Peut-être vous ai-je mal compris, pouvez-vous préciser?

Publié par Damien le 10 février 2006 à 17:31

Une précision effectivement s'impose, si mes propos peuvent être interprétés dans ce sens ! L'essentiel de mon billet est une réflexion et une interrogation sur la question de la loyauté, et ma conclusion est celle exprimée au dernier paragraphe : dans la mesure où il n'existe pas actuellement et dans le futur proche de structure meilleure que l'Etat-nation, il faut s'engager pour celui-ci. Je n'envisage donc AUCUNE entorse à ma loyauté d'officier et de citoyen.

Publié par Ludovic Monnerat le 10 février 2006 à 17:41

De toute façon, je suppose que vous vous êtes engagé en tant qu'officier à respecter et protéger la constitution fédérale, ce qui n'est pas tout à fait la même chose que le pays; peut-on trouver quelque part le texte de l'engagement tel qu'il est prononcé?

Publié par Damien le 10 février 2006 à 18:32

ça doit être dans le règlement de service

C'est quelque chose du genre:

«Je jure:

- de servir la Confédération suisse de toutes mes forces;
- de défendre courageusement les droits et la liberté du peuple suisse;
- de remplir mon devoir, au prix de ma vie s'il le faut;
- de rester fidèle à ma troupe et à mes camarades;
- de respecter les règles du droit des gens en temps de guerre."

Ok, j'avoue, j'ai trouvé le lien entretemps:
http://www.admin.ch/ch/f/rs/510_107_0/a8.html

Publié par Deru le 10 février 2006 à 20:09

Lorsque notre pays trahis l'idéal dans lequel il nous a bercé, on ne le reconnaît plus, il est donc normal de le défier.

Publié par FrenchBoy le 10 février 2006 à 20:24

J'ai été fasciné par la courte référence à la "conjuration des officiers", qui m'était totalement inconnue -et très déçu que Google ne m'ait presque rien apporté de plus. Même si je sais que ce n'est pas vraiment au centre des thématiques de votre blog, j'exprime un voeu de lire un jour un article plus détaillé à ce sujet...

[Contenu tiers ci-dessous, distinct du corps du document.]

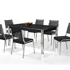 Conjunto com pés robusto de Aço Carbono CROMADO Polido de alto brilho, de design agradável. Mesa de design convencional, com travas de MDP-BP espessas, com sistemas de fixação que se encaixa perfeitamente e precisamente, a perfeita junção do aço com a madeira em uma mesa o vidro é serigrafado temperado para dar maior resistência e durabilidade. Cadeiras de design convencional e muito confortáveis, o diferencial estas em seu encosto com junco sintético com proteção U.V., o acabamento do trançado do junco da leveza e a transparência para o conjunto, assento reforçado em caixa, com revestimentos em suede, fixados com porcas garras. Produtos de montagem fácil e funcional. Medida da Mesa (A x L x P): 77x90x160 cm Peso da Mesa: 39,1 kg Mesa suporta até: 40.0000 Acabamento da Cadeira/Banco: Cromado Acabamento da Mesa: Cromado Acompanha Manual de Instalação: Sim Almofada do assento: Removível Altura do Conjunto: 90 cm Ambiente Principal: Sala de Jantar Cadeira/Banco Estofada: Somente Assento Estofado Cadeira/Banco estofada: Somente Assento Estofado Cadeira/Banco suporta até: 120.0000 codigo_ean: 7909903970805 Complexidade da Montagem: Baixa: pode ser montado por uma pessoa sozinha Cor: Cromado/Preto Cor do Produto: Cromado/Preto De Canto (Canto Alemão): Não Design da Base: 4 Pés Escala de Brilho: Brilhante Espessura do Tampo: 6 mm Espessura do Vidro: 6 mm Estrutura do Assento: MDF Formato do Tampo: Retangular Itens Inclusos: 1 Mesa, 6 Cadeiras, Kit Ferragens e Manual de Montagem Linha ou Coleção: NATANI Manual de Especificação Técnica: https://product-hub-prd.madeiramadeira.com.br/957978/documents/0130d581-b506-43c9-a825-541da06285102436095598517284803418545.pdf Manual de Montagem e Instalação: https://product-hub-prd.madeiramadeira.com.br/957978/documents/3072e336-e55b-43a4-a392-faacba98227a2436094598517284803389744.pdf Material da Base da Mesa: Aço Cromado Material da Estrutura da Cadeira: Aço Carbono Material do Tampo: Vidro Material Principal: Aço Carbono Cromado Material Principal das Cadeiras/Bancos: Aço Carbono Medida da Base (A x L x P): 76x88x158 cm Medida da Cadeira/Banco (A x L x P): 92x49x52 Medida do Tampo (L x C x E): 90x160x6 Mesa Dobrável: Não Mesa Extensível: Não Necessita Montagem: Sim Origem do Produto: Nacional Peso da Cadeira/Banco: 4,85 kg Possui Apoio para Braços: Não Possui Apoio Para os Pés: Não Possui Prateleiras: Não Possui Suporte Giratório: Não Possui Vidro: Sim Quantidade de Cadeiras: 6 Quantidade de Lugares: 06 Recomendações de Uso, Manutenção e Limpeza: Limpeza com pano macio e levemente umedecido. Não ultilizar solventes a base e de inflamáveis. Não utilizar produtos abrasivos. Sistema de Montagem: parafusos Tipo de Assento: Removível Tipo de Encosto: Solto Vidro Temperado: Sim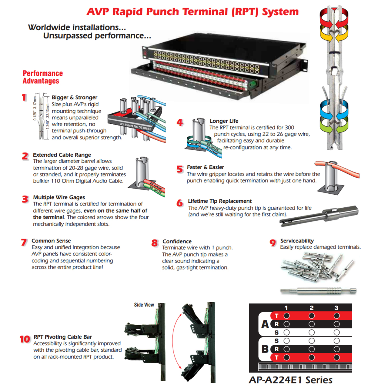 The AVP AP-A224E1-L-FN-RPT is a 1RU 48 Jack Longrame Rapid Punch Terminal (RPT) Patchbay with Full Normals. The RPT terminal is certified for termination of different wire gages, even on the same half of the terminal.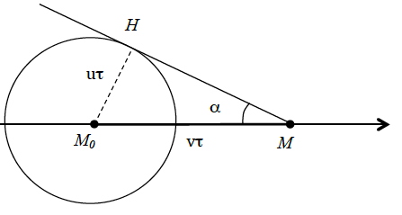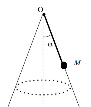 Soit un cône de sommet O, d’angle α. Un point matériel M de masse m est attaché au point O par un fil inextensible de masse négligeable et de longueur ℓ. Le fil ne frotte pas sur le cône, et le coefficient de frottement entre M et le cône est μ. On lance le point matériel avec une vitesse v0 perpendiculaire au plan contenant l’axe du cône et M. Le point décrit une trajectoire circulaire. Déterminer la date à laquelle M s’arrête.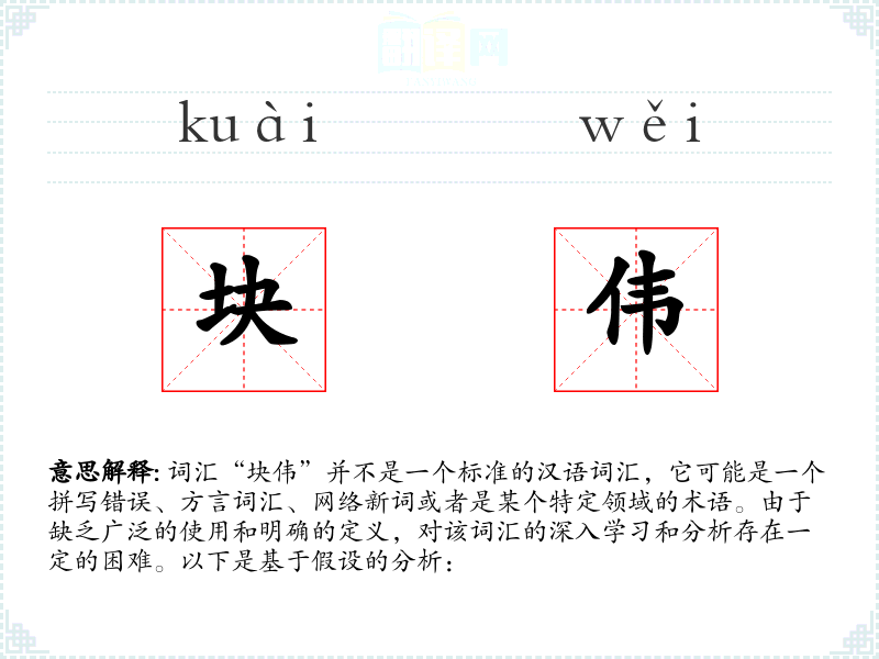 由于“块伟”不是一个标准词汇,我们无法给出确切的基本定义。如果将其拆分为“块”和“伟”两个字,可以理解为“巨大的块状物体”或“非常伟大”的意思,但这只是字面上的猜测。

Publié par Anselmeuh le 10 février 2006 à 20:48

Un commentaire qui n'est plus disponible sur le net mais seulement ici fait en 2004:

http://web.archive.org/web/20041012010549/www.intellfrance.info/Confidentiel.htm

Je cite:

"Selon des militaires français et des proches des milieux du renseignement, le recrutement dans l'armée française serait actuellement du "n'importe quoi", de jeunes recrues musulmanes ayant déclaré lors d'entrevues qu'elles n'étaient pas sûres de vouloir défendre la France en cas de conflit. Plus inquiétant, en cas de conflit avec leur pays d'origine, elles hésiteraient encore plus. Dans certaines unités de l'armée française, le pourcentage de musulmans parmi les nouvelles recrues atteindrait les 40%."

Publié par pierre le 10 février 2006 à 20:51

Comme l'a indiqué Deru, le serment formel se fait lors du passage au service actif, qui correspond à la mise sur pied de la troupe pour des opérations de défense ou de sûreté sectorielle. Dans la formation de l'officier, en Suisse, il n'y a pas de serment à proprement parler, mais une éducation et des règles ; lors de la cérémonie de la remise de la dague, cependant, des principes sont énoncés et ce symbole de liberté - par le port de l'arme - les incarne. Sinon, il existe un code d'honneur à l'école d'état-major général...

Concernant la conjuration des officiers, l'une des meilleures sources reste certainement le livre de Willi Gautschi, Le général Guisan: le commandement de l'armée suisse pendant la Seconde Guerre mondiale, Lausanne, 1991.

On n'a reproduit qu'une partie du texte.